The BGS Lexicon of Named Rock Units — Result Details

Oxwich Head Limestone Formation

Computer Code: OHL Preferred Map Code: notEntered
Status Code: Full
Age range: Asbian Substage (CR) — Brigantian Substage (CX)
Lithological Description: Thick bedded fine- to coarse-grained, recrystalised, bioturbated skeletal packstones with distinctive pale to dark grey mottling and pseudobrecciation and ooidal limestones. Units of dark grey, irregularly bedded skeletal packstones with shaly partings are developed at intervals. Thin unit of calcareous sandstone and sandy skeletal packstone [Pant Mawr Sandstone Member and Honeycombed Sandstone Member] at base in the Vale of Glamorgan and northwest crop of the South Wales Coalfield respectively. Unit of ooidal limestone in lower part [Penderyn Oolite Member] on northwest crop of the South Wales Coalfield. Palaeokarstic surfaces, overlain by red and grey clay palaeosols, punctuate the Formation; thin coals developed in palaeosols in Gower.

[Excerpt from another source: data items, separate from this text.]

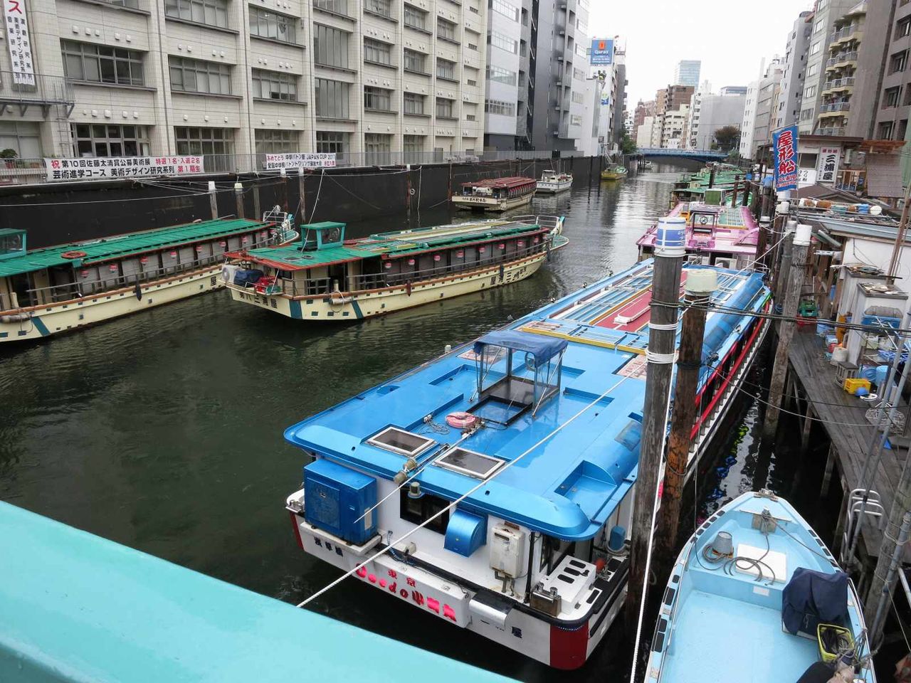夜の帳が下りる頃の活動時間に向けて、たくさんの屋形船が待機していました。
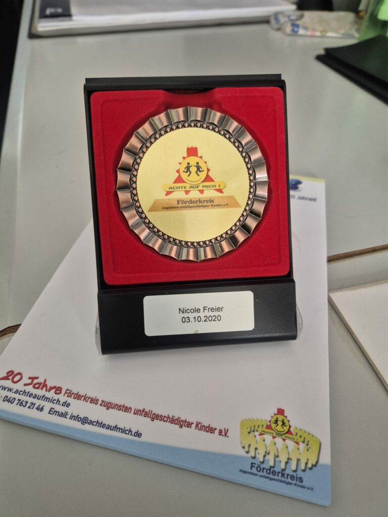 Wir freuen uns sehr, den Förderverein „Achte auf mich“ unter der Schirmherrschaft von Peter Sebastian zu unterstützen. Vor Ostern durften wir ein liebevolles Überraschungspaket des Vereins erhalten: eine wunderschöne Medaille, ein toller Stift und ein praktischer Block – eine kleine Geste, die zeigt, wie herzlich und persönlich der Verein ist.
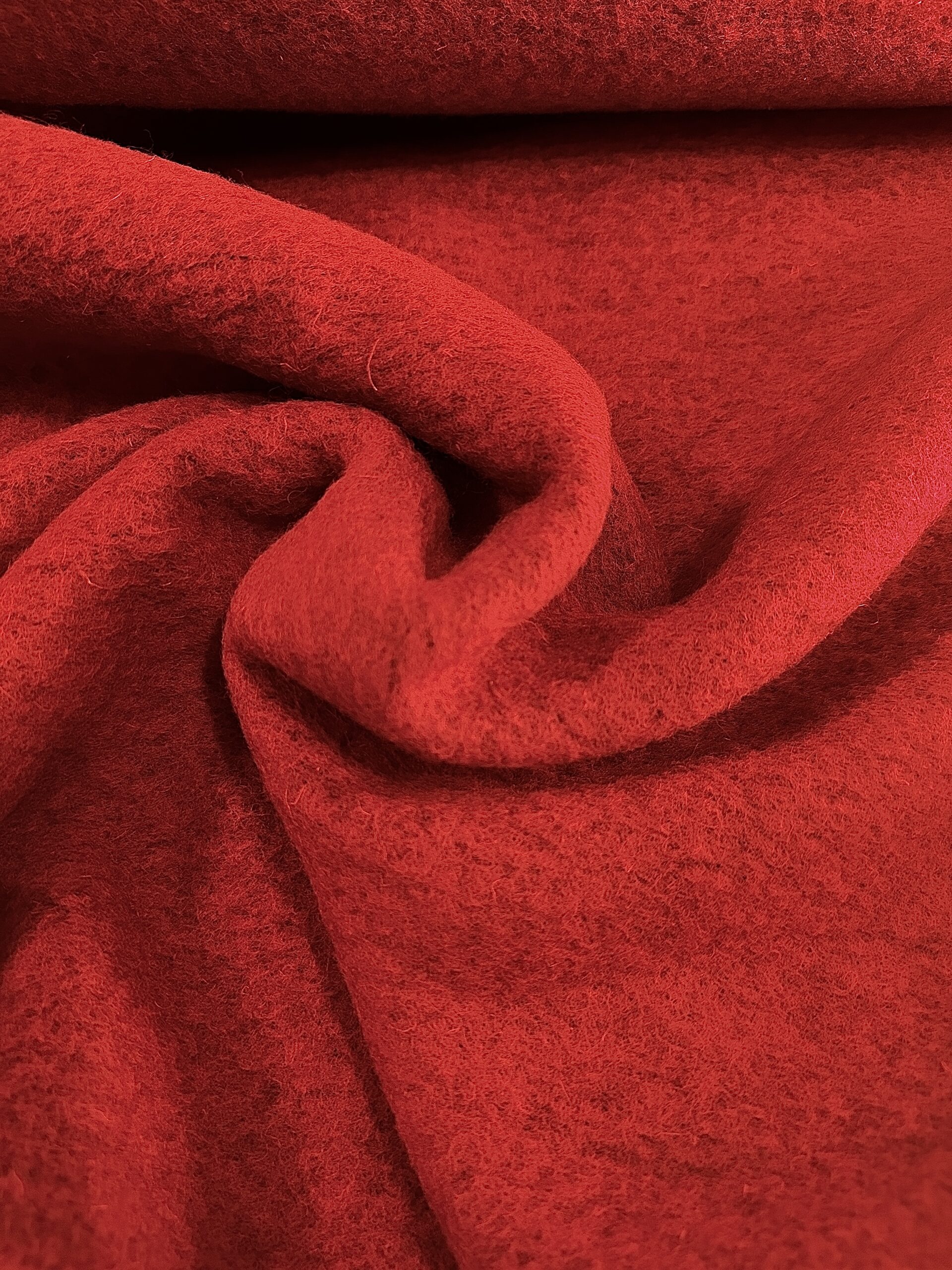 Typ: Italský kabátový úplet – tmavě červený s jemným počesaným povrchem
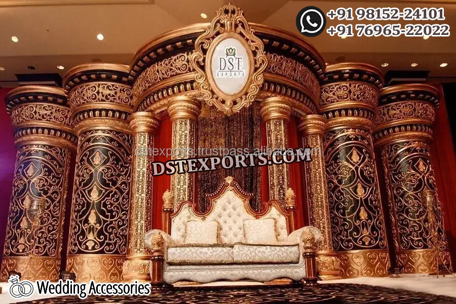 Scène de mariage sur le thème de l'or blanc royal pour les mariages malaisiens, scène de mariage sur le thème de Rajwada pour les mariages indiens, scène de mariage en FRP fabriquée en Australie
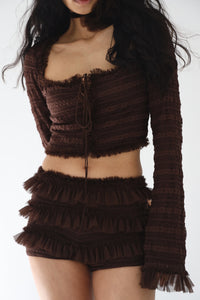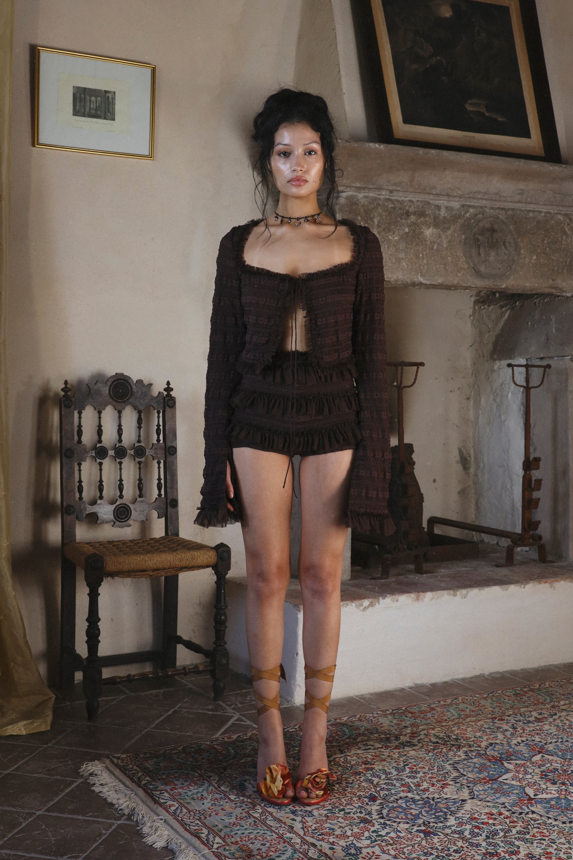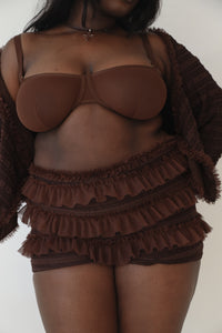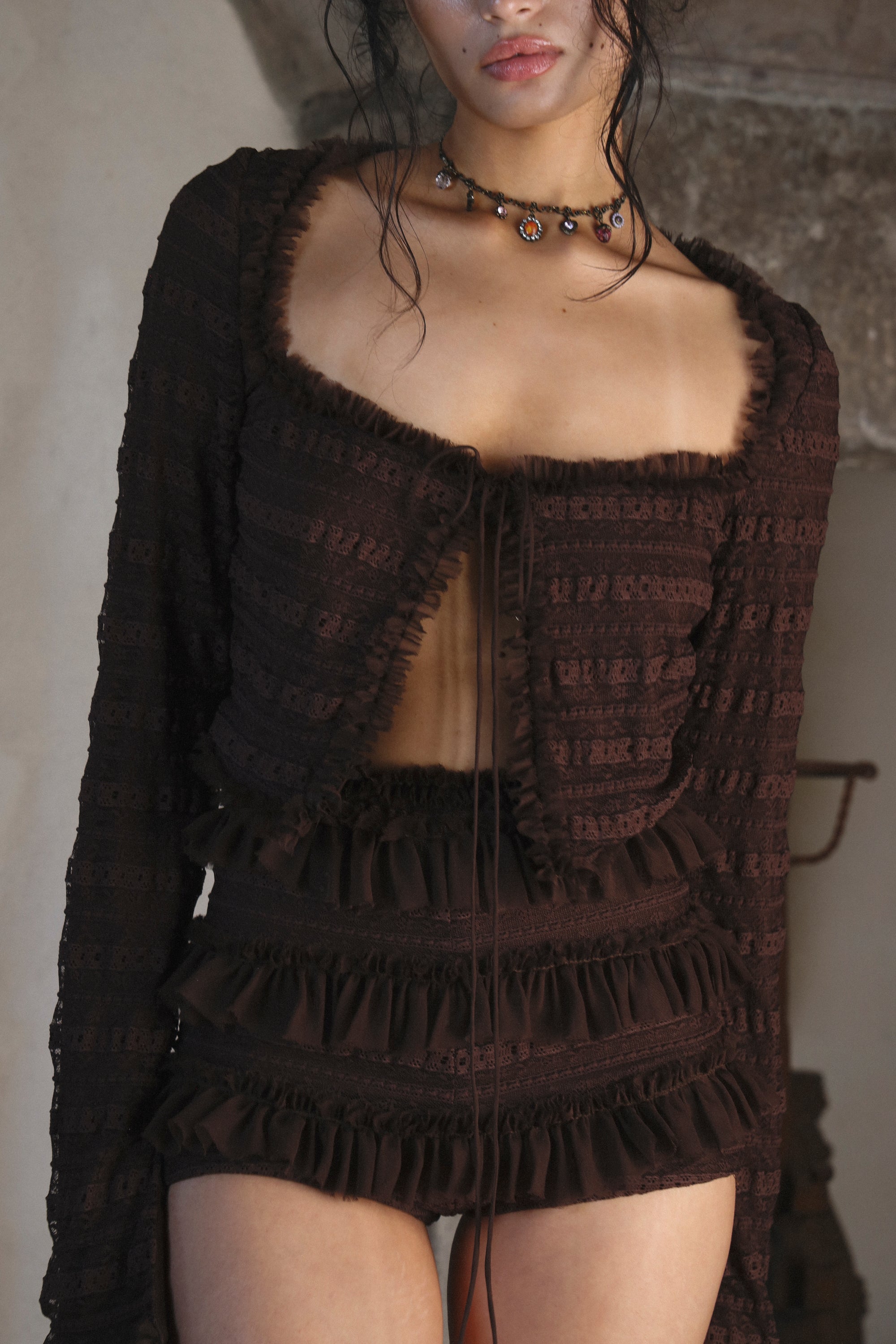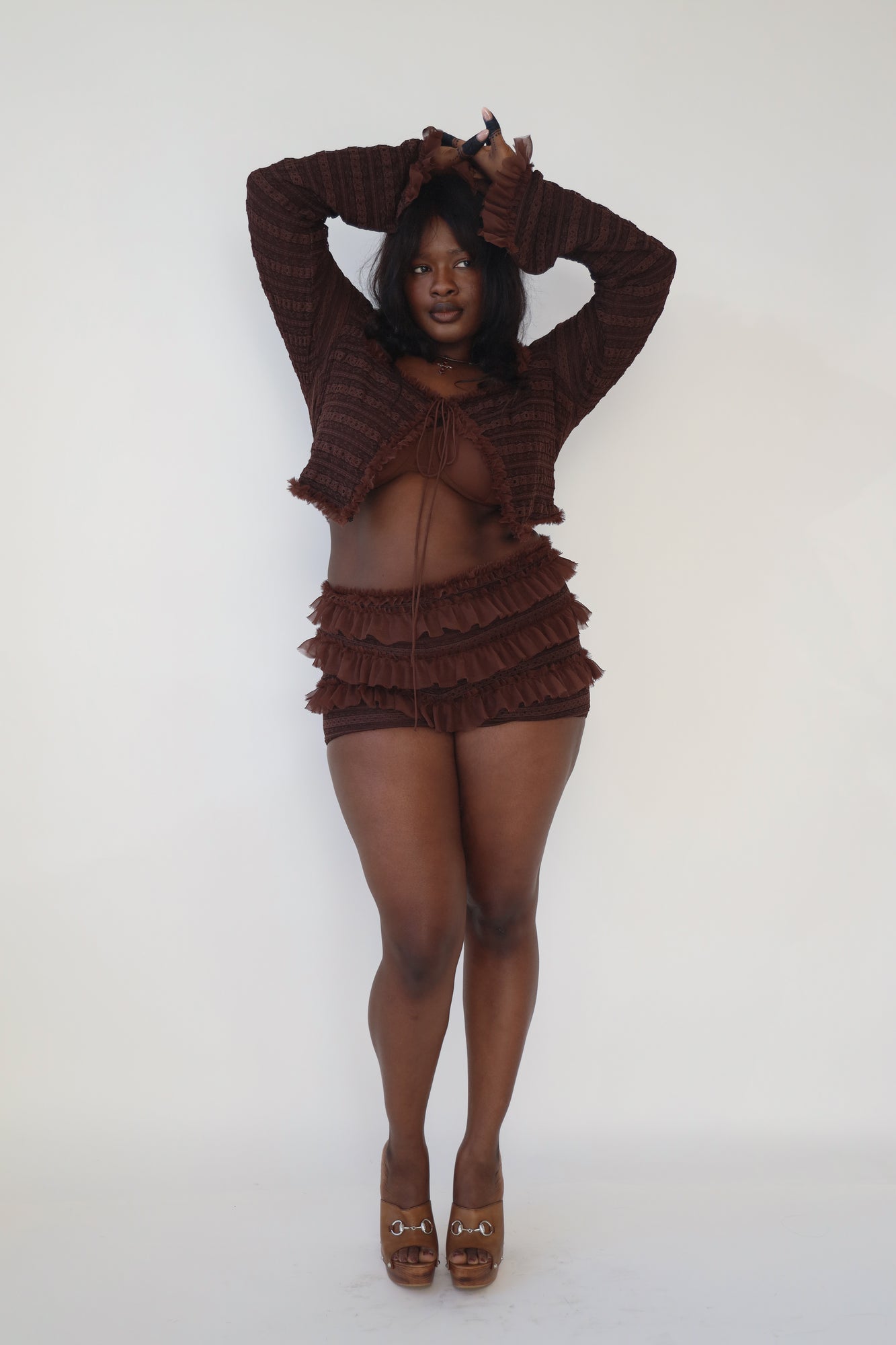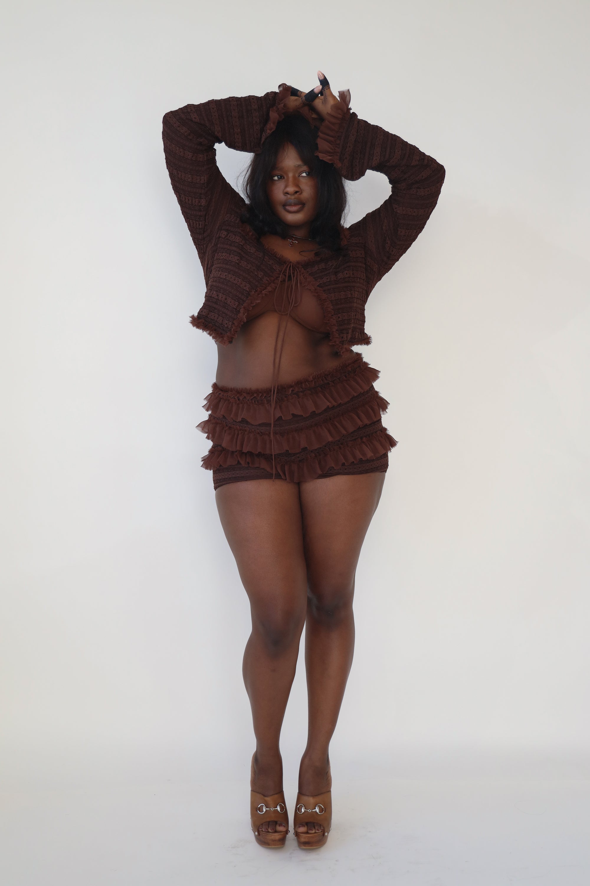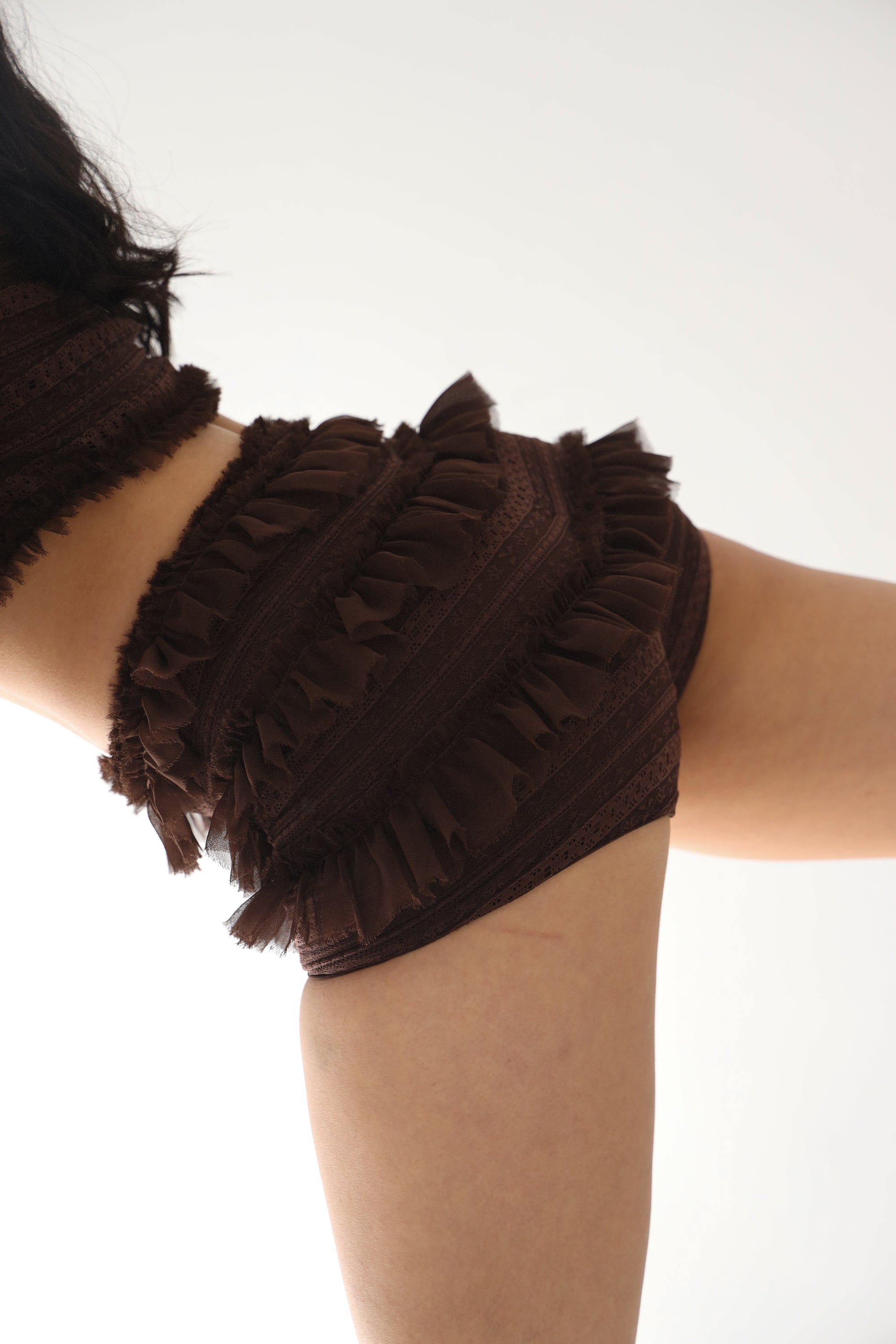 - Designed and proudly made in New York City, USA. Crochet lace pull on bloomer with silk chiffon ruffles. Stretch fabric with elastic waist. Also available in Shell.

Definition of Lower Boundary: In the Vale of Glamorgan the base is taken at the sharp contact, defined by a palaeokarstic surface, between the heterolithic lithologies of the underlying Stormy Limestone Formation and the overlying partially dolomitised sandy skeletal packstones and calcareous sandstones of the Pant Mawr Sandstone Member. On the northwestern crop of the South Wales Coalfield, it is taken at the sharp junction of the calcareous sandstone of the basal Honeycombed Sandstone Member and the underlying dark bituminous skeletal/peloidal grainstone/packstone/wackestone of the Dowlais Limestone Formation. In Gower and Pembrokeshire it is taken at the palaeokarstic surface separating the heterolithic lithologies of the underlying Hunts Bay Oolite Subgroup from the mottled and pseudobrecciated skeletal packstones of the Formation. In the Bristol/Mendip area the Formation overlies the Clifton Down Limestone Formation. The base here needs further work but is generally taken at the gradational change from calcite mudstones and ooidal limestones of the Clifton Down Limestone Formation to ooidal and skeletal limestones of the Formation. In the north of the Bristol area the Formation overlies the middle tongue of the Cromhall Sandstone Formation, the base being taken at the incomming of the ooidal and skeletal limestones above the sandstones of the Cromhall Sandstone Formation.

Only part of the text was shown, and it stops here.